In Canada, consistent with the view that it is negligent to let information flow without knowing where it is going, PIPEDA imposes substantial responsibilities on managers of data systems that hold personal information. Guidelines call for information to be “stored securely,” though the statute does not spell out precisely what that means.
Toronto lawyer Mark S. Hayes, a technology specialist at Blake Cassels & Graydon LLP, notes that PIPEDA specifies no method of care for guarding personal information. PIPEDA stipulates in its Principle 7 that “sensitivity” is a test of the measures to be used, he says, Alberta and B.C. statutes that parallel PIPEDA require only that “reasonable” security measures be used.
There is, nevertheless, reason to believe that a strict standard of conduct is developing that will hold businesses regulated by PIPEDA liable if there is any breach of privacy. In a decision
rendered in Sept., 2004, the Privacy Commissioner of Canada held that release of data through error is no defense to a finding of liability. That ruling, Hayes says, may imply a standard of strict liability. And that will have a detrimental effect on business, he argues. There would be the same finding of liability were the release of information intentional. “This will hardly encourage companies to spend money on personal information security,” he said.
Hayes’ comments recognize the ambiguity in the range of protections the diligent collector of personal information can use to comply with PIPEDA. Charles Morgan, partner who specializes in technology law at McCarthy Tétrault LLP in Toronto, admits that the problem is lack of certainty.
“There is not a lot of guidance that has come out in the various privacy decisions from the federal Privacy Commissioner,” Morgan explains.
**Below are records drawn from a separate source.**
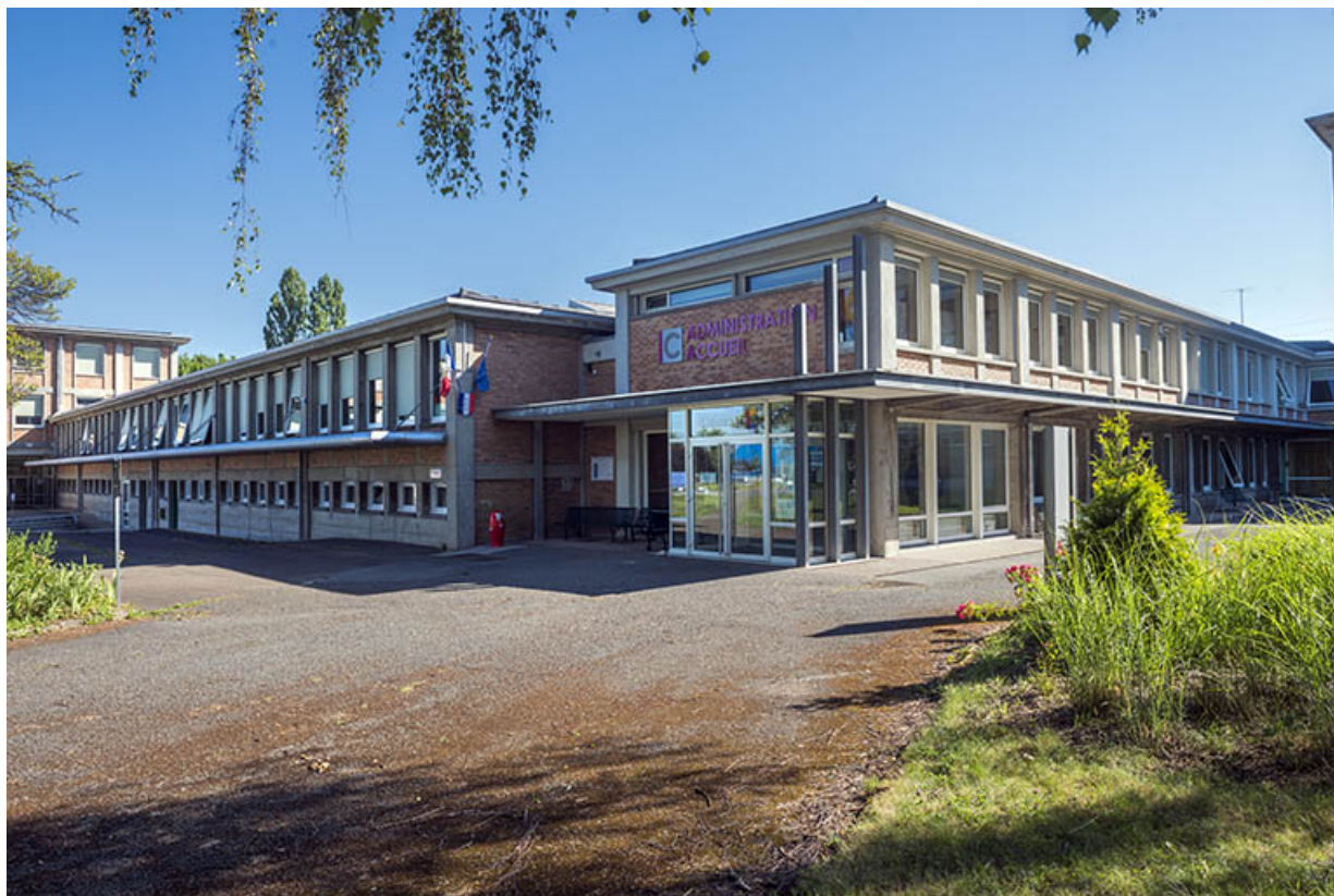
Façade ouest des bâtiments des ateliers et de l'administration, angle sud et façade sud. (ex-Léger) 25, Audincourt, 6 rue René Girardot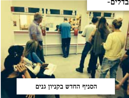
הסניף החדש בקניון גנים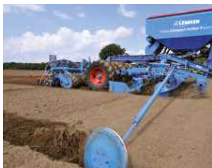
Маркер с болтовой защитой на срез

Гидравлические маркеры расположены спереди и поэтому всегда находятся в поле зрения водителя.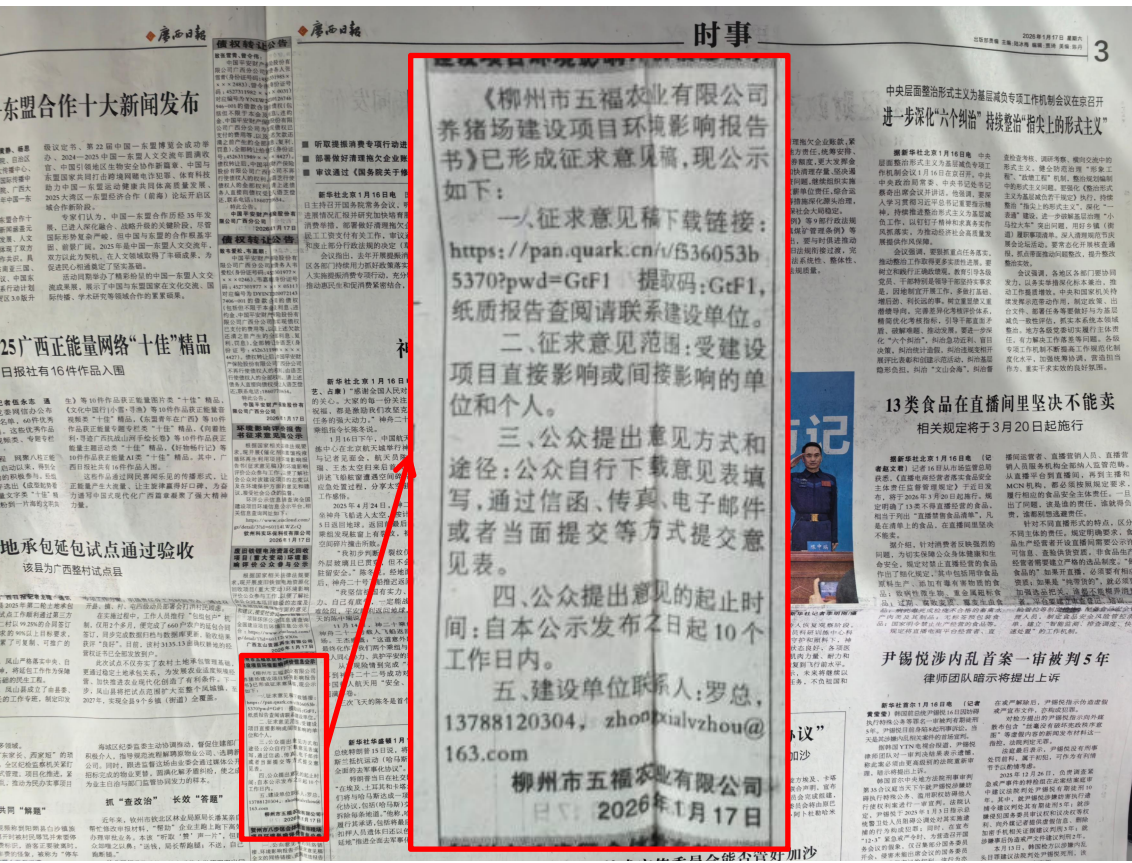
图 3-4 第二次报纸公示（2026年1月17日）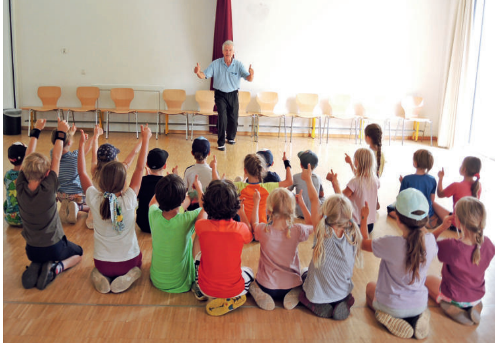
Rhythmus – Takt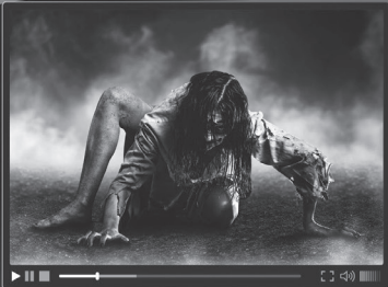
6 horror film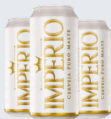
CERVEJA IMPÉRIO PURO MALTE 473 ML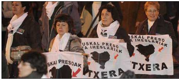
Manifestación por la repatriación de los presos etarras

Hoy los presos etarras son unos 700 (~500 en España); se agrupan en el colectivo EPPK . Suelen acatar las órdenes de ETA: plantear la cárcel como un frente de lucha, no acogerse a los derechos que les corresponden (permiso de salida, libertad condicional, etc). Una gran mayoría de ellos apoya el Acuerdo de Gernika .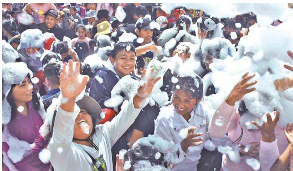
Niños disfrutando del show de espuma.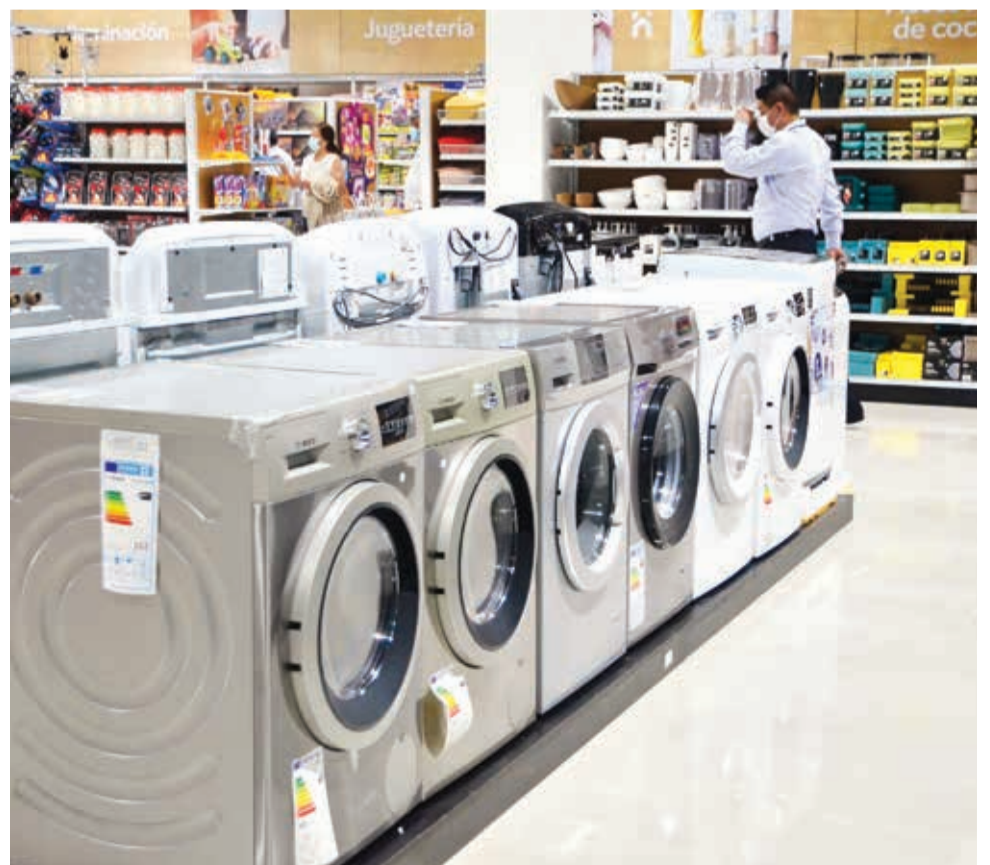
Variedad. Distintas marcas y modelos en electrodomésticos destacan en la sucursal. HERNÁN ANDÍA

Ventas corporativas. ¿Tiene una empresa, negocio o busca comprar por volumen?, la empresa cuenta con especialistas en ventas corporativas que le guiarán para encontrar lo que necesita al mejor precio.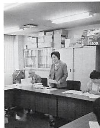
女性部会総会 H14. 5. 10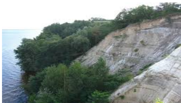
Рис. 2. Пам'ятка природи геологічна місцевого значення Ново-Петрівський геологічний розріз

Заказник геологічний місцевого значення Корецькі граніти, розміщений у межах Корецького району Рівненської області, між селом Новий Корець та містом Корець (рис. 3). Його площа – 15 га. Заказник створений із метою збереження гранітних скель на березі річки Корчик. Граніт темно-сірий, складається з кварцу, польового шпату, біотиту, а також тонких прожилок графіту.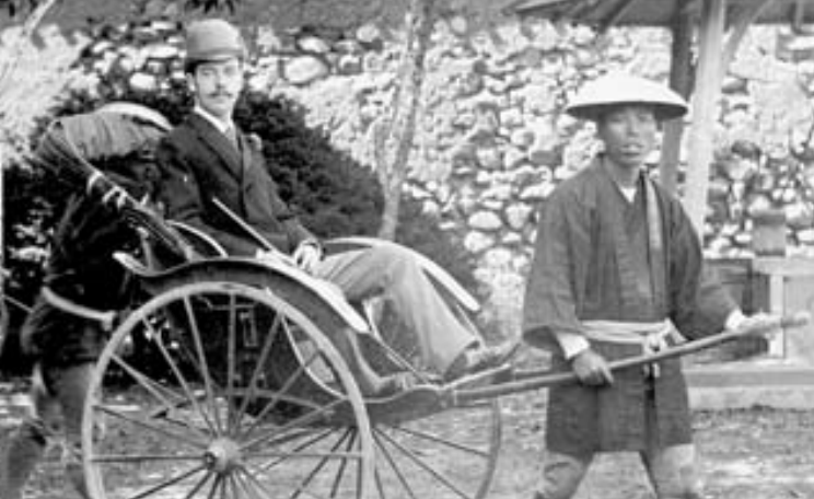
Так выглядел цесаревич Николай Александрович во время своего длительного восточного путешествия. Пребывание в Японии омрачилось террористическим актом против августейшего гостя.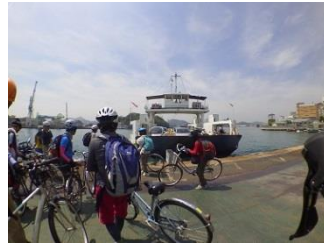
2.尾道から向島へは渡船で渡る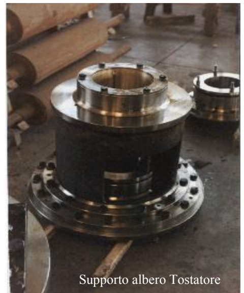
Supporto albero Tostatore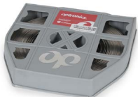
Fleje de acero inoxidable de 5/8 OPHAFLEAI07058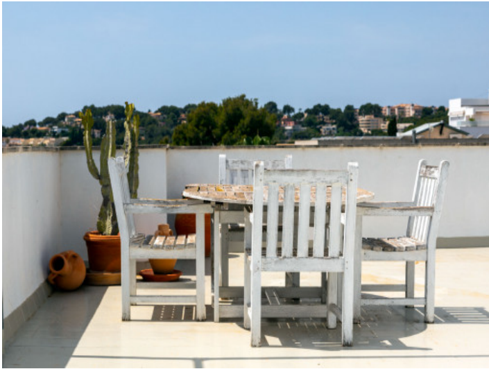
Weitere Terrasse mit Essbereich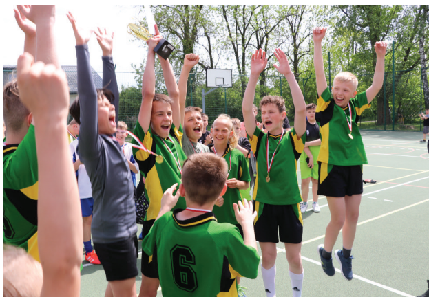
Radość ze zwycięstwa - drużyna ze szkoły w Białej

Klasyfikacja pozostałych drużyn: II miejsce zajęła szkoła w Słowiku III miejsce przypadło drużynie ze szkoły w Szczawinie Kościelnym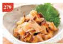
榮螺刺身片 約100g/約20件 零售價-$46 會員價$32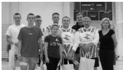
Drużyna Gminy Lisewo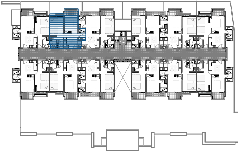
LOCALIZACIÓN PLANTA BAJA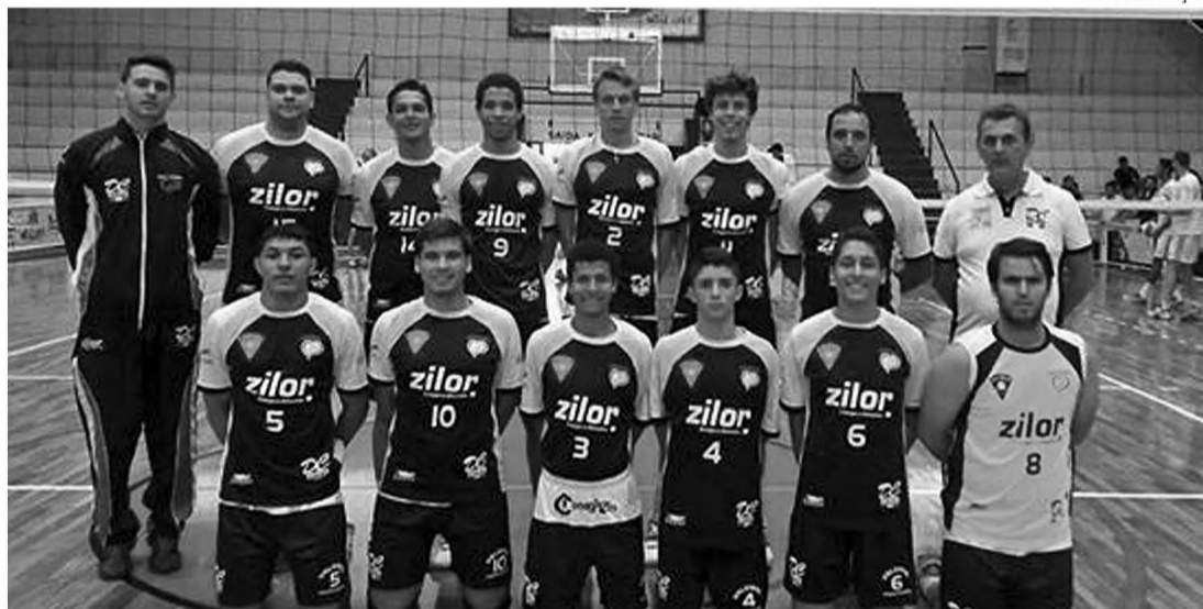
DEVER CUMPRIDO - Equipe de vôlei de Lençóis volta para casa satisfeita com boa colocação nos Regionais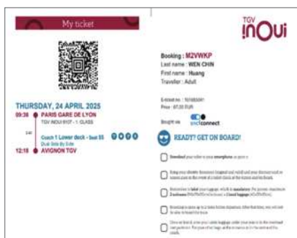
圖1 Apple Pay上SNCF買到的票。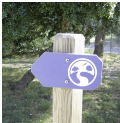
Nîmes : le cheminement accessible est balisé par des panneaux portant un logo spécifique.

Ce logo est en relief et facilement identifiable par le dessin et la couleur bleue. Attention toutefois à l'emploi de vis cruciformes, qui nécessite une vigilance particulière : les têtes de vis ne doivent pas ressortir ou doivent être correctement limées.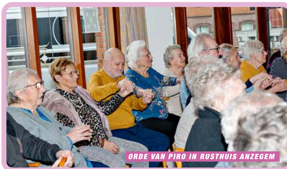
ORDE VAN PIRO IN RUSTHUIS ANZEGEM

Tijdens de week van de smaak organiseerden we een proevtjestocht waaraan verschillende verenigingen en vriendengroepen deelnamen. De vrienden van 'Partners in Taste' konden de jury overtuigen met hun hapje en wonnen een workshop in brouwerij Gruut. Proficiat!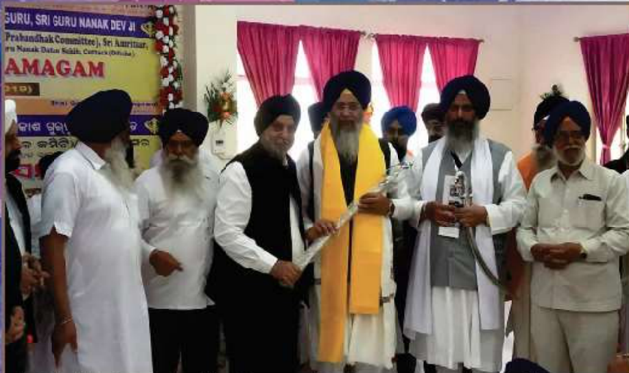
ਸ਼੍ਰੋਮਣੀ ਕਮੇਟੀ ਵੱਲੋਂ ਸ੍ਰੀ ਗੁਰੂ ਨਾਨਕ ਦੇਵ ਜੀ ਦੇ 550ਵੇਂ ਪ੍ਰਕਾਸ਼ ਪੁਰਬ ਨੂੰ ਸਮਰਪਿਤ ਗੁਰਦੁਆਰਾ ਦਾਤਣ ਸਾਹਿਬ ਕੱਟਕ ਵਿਖੇ ਗੁਰਮਤਿ ਸਮਾਜਮ ਦੌਰਾਨ ਸ਼੍ਰੋਮਣੀ ਕਮੇਟੀ ਪ੍ਰਧਾਨ ਭਾਈ ਗੋਬਿੰਦ ਸਿੰਘ ਲੌਂਗੋਵਾਲ ਨੂੰ ਸਨਮਾਨਿਤ ਕਰਦੇ ਹੋਏ ਸਬਾਨਰ ਸਿੱਖ ਆਗੂ। (20 ਜਨਵਰੀ)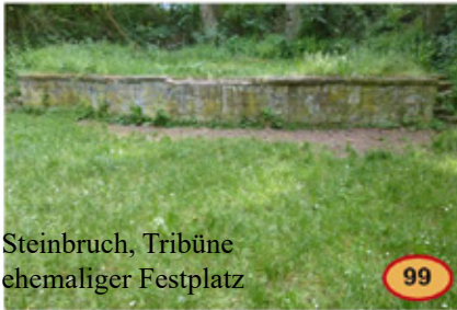
Steinbruch, Tribüne ehemaliger Festplatz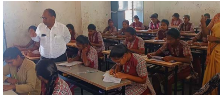
అక్షర విజేత, మోర్చాడ్

మండల కేంద్రంలోని కస్తూర్బా బాలికల పాఠశాలను తానిల్లార్ ఆంజనేయులు ఎంపీడీవో రాజు శ్రీనివాస్ గురువారం పరిశీలించారు. పాఠశాలలో పదవ తరగతి చదువుతున్న బాలికలకు శ్రీ పైనల్ ఎగ్జిక్యూటివ్ జరగడంతో వారు పరిశీలించారు. పాఠశాలలో ఫిర్యాదు బాక్కులను తెరిచి అందులో ఫిర్యాదు లేకపోవడంతో అనంతరం మధ్యాహ్నం భోజనం కూడా పరిశీలించి స్టాక్ రికార్డు అధికారులు పరిశీలించారు పదవ తరగతి పరీక్షల్లో బాగా చదివి ఉత్తమ ఫలితాలు సాధించాలని సూచించారు. ఈ కార్యక్రమంలో కస్తూర్బా పాఠశాల ఉపాధ్యాయులు పాల్గొన్నారు.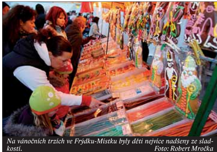
Na vánočních trzích ve Frýdku-Místku byly děti nejvíce nadšeny ze sladkostí.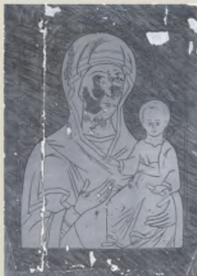
Калька с двусторонней иконы «Богоматерь Одигитрия. Богоявление Господне». XVI–XVII вв. ТММО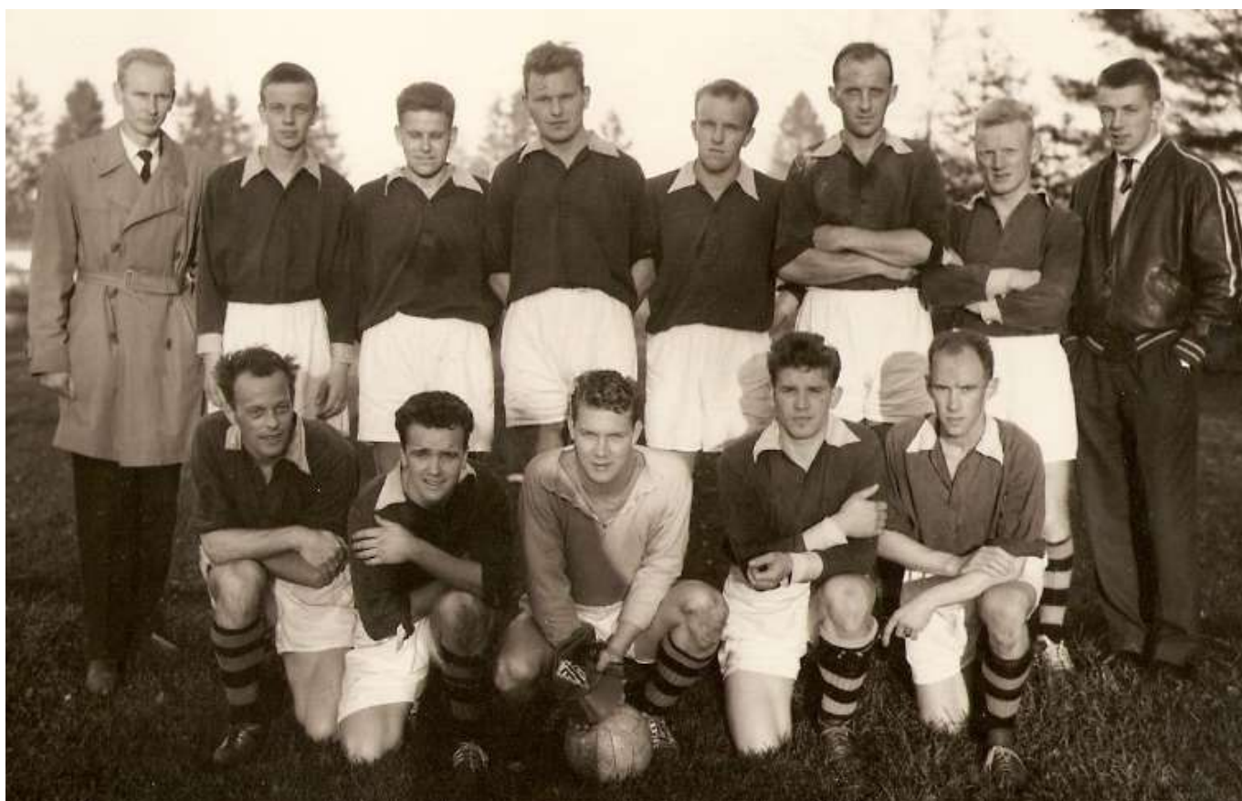
FORSHAGAS DIV 3 LAG 1959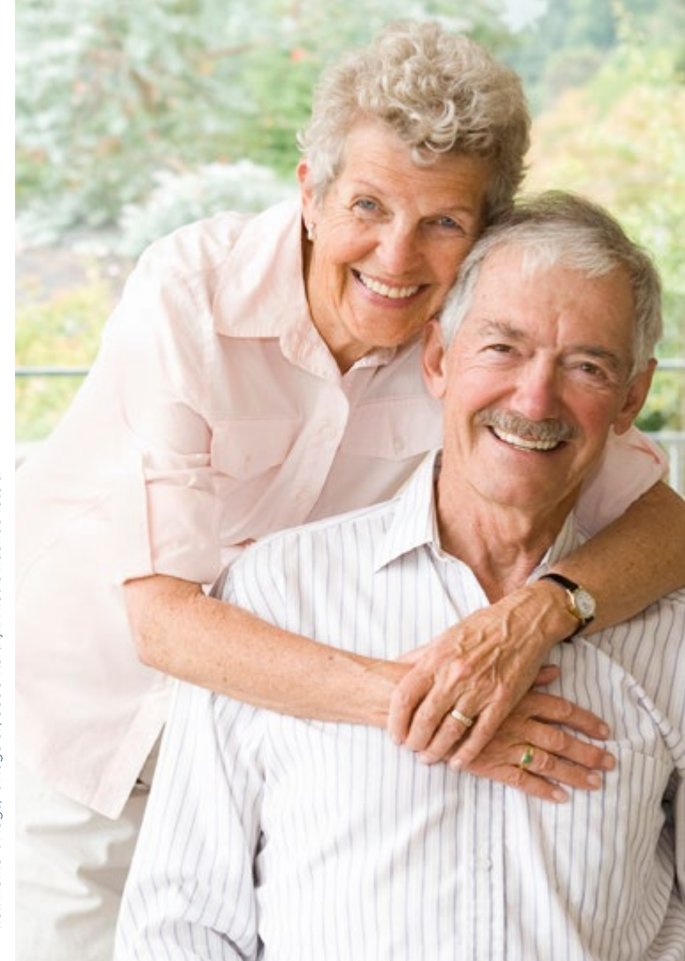
V.U.: Home 't Hoge, 't Hoge 57, 8500 Kortrijk. Niet-bindende foto's.

Yet, he notes, there are three kinds of security safeguards for information that can be employed.
Classification of information begs the question of how to guard it. A file may contain data that is both sensitive, such as a Social Insurance Number, and non-sensitive, such as a phone number that has been published in a city directory. Routing data of differing levels of sensitivity to various tiers of storage creates administrative issues of its own.
“At the end of the day, we will employ different levels of security, depending on the sensitivity of the data,” Green says. “We use various layers of security to protect the data in our possession. We ask what information could advance the proliferation of ID theft. That is sensitive personal information that goes beyond simply name and address and account number. The big concern that I have is that individuals would defer protecting their own information without taking suitable precautions themselves. A case is in point is phishing, which uses low level technology with deceit. That is social engineering, not data management.”
John Weigelt, Microsoft Canada’s national technology officer, is aware of the information storage issues in PIPEDA. Formerly the privacy compliance officer for the company, he says that access to personal data should begin at the front door of a data bank for information that has “high impacts” on business.
“For high impact information, Microsoft uses two-factor authentication,” Weigelt says. “When people log on, we know who they are.” Smart cards accompanied with a code number of password the user must know achieves that level of security, he notes.
So, he adds, does encryption, secure sessions and software protocols such as Secure Sockets Layer (SSL). But when is technical security sufficient? Says Hayes, “a few years ago, when encryption was required, the general view was that 64 bit encryption was strong, then as computing power has increased, it became clear that 128 bit keys were needed. Today, the 256 bit key is a commercial standard, but the size of the key is a moving target that likely will continue to change.”
Weigelt acknowledges that technology alone will not satisfy PIPEDA. “There are a number of elements in privacy. Technology control is one, so are data governance and accountability. “The market will act as an enforcement agency,” he concludes.
The trend of law is toward viewing divulging personal information without the consent of the subject as a compensable injury, says Brian Bowman. “It pays to reduce exposure to liability by taking steps to prevent privacy breaches. Lawsuits for unlawful handling of information under PIPEDA are foreseeable and are increasing.”
The implication would seem to be that it is important to guard all personal information with a high level of security, but, says Bowman, practical business realities have to be weighed. “It may not be practical to treat all information in one way. For example, a personal, oral exchange could wind up having to be recorded and authenticated and then protected. That is not practical in many business settings.”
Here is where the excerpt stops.